De las nueve en conversa, sólo una sabe el tipo de prótesis que tiene, conserva el certificado y pudo hablar con su cirujano, que le garantizó que todo está bien. El resto hizo algunas llamadas, pero se encuentran en el estadio de la negación. Ninguna está dispuesta a operarse de nuevo (…) Les resulta impertinente pensar que deban renunciar a su sinuosidad sin nada que les compense la ausencia. Karla llegó a sugerir que el mismísimo gobierno debiera pagar las nuevas prótesis y reconocer mediante un permiso especial, la ausencia laboral de las afectadas por tal circunstancia (…)

[One woman] She still owes the majority of the bank credit with which she financed her surgeries (…) she is 24 years old (…) she earns only a little more than minimum wage and has 400 cc. PIP implants. She thanks God for having had the money to pay for all of this (…) “Not all of us will make it to Miss Venezuela, but it makes the rest of us believe that yes, we could.”

[The other woman] “The stature that wearing high heels gives you is nothing compared to the way it validates you when a guy stares at you as if he wants to rip off your blouse.”

Of the nine woman interviewed, only one knows the type of implant that she has, saved the certificate and was able to talk with her surgeon, who guaranteed her that everything was all right. The rest have made some calls, but have been rebuffed. None of them are ready to be operated on again (…)  They find it is impertinent to think that they should remove their curves without anything to compensate for their absence.

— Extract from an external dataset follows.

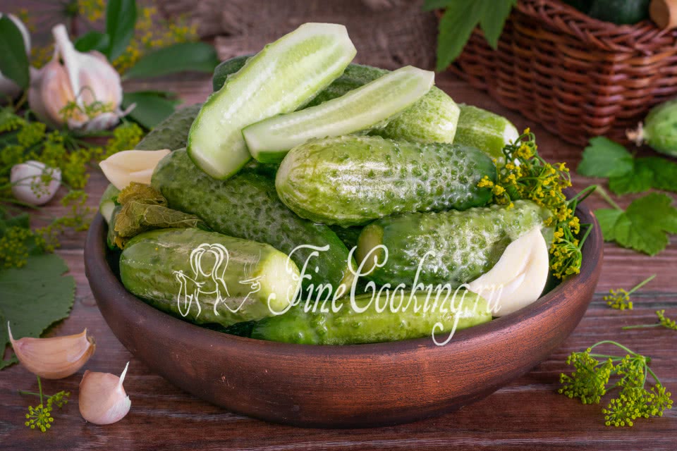 Малосольные огурцы с чесноком и зеленью быстрого приготовления

Karla suggested that the very government should pay for new implants and issue special permission to the affected woman to miss work for this (…)

Finally, in Aporrea, Antonio Rangel questioned the social undertone of aesthetic change, and why it is so popular:

Es imposible negar que algunas mujeres, víctimas de la poderosa alienación o enajenación mental que las ha hecho creer que ser más sexy o atractiva las conduce directamente al éxito social y económico, convertidas de la noche para la mañana en señuelos sexuales irresistibles, serán dotadas del poder de seleccionar entre la manada de turulatos seguidores a quien ellas consideren que es el mejor “partido” (…) Les resulta impensable que (…) los reinados de belleza, los desfiles de moda, los cosméticos mágicos, son las mismas que se lucran con las prótesis…

It is impossible to deny that some woman, victims of powerful alienation or insanity that has led them to believe that to be sexier or more attractive directly correlates with social and economic success, changed overnight into irresistible, sexual bait, will be endowed with the power of selecting from among their flock of dazed followers who they consider the best “catch” (…) They find it unthinkable that the same companies that finance the beauty pageants, the fashion shows, the magic cosmetics, are the same that profit from the prosthetics…

Many more questions and discussions will continue to fill up space on the web. Hundreds of thousands of woman still wonder about the details surrounding the surgeries and their subsequent treatments. The effects of aesthetic surgeries and their compulsive use within the medical world have been at the center of many debates. Though the legal battles have hardly begun, ideas are blowing in the wind that challenge social restraints on women's aesthetic vision and how women answer these types of demands placed on them.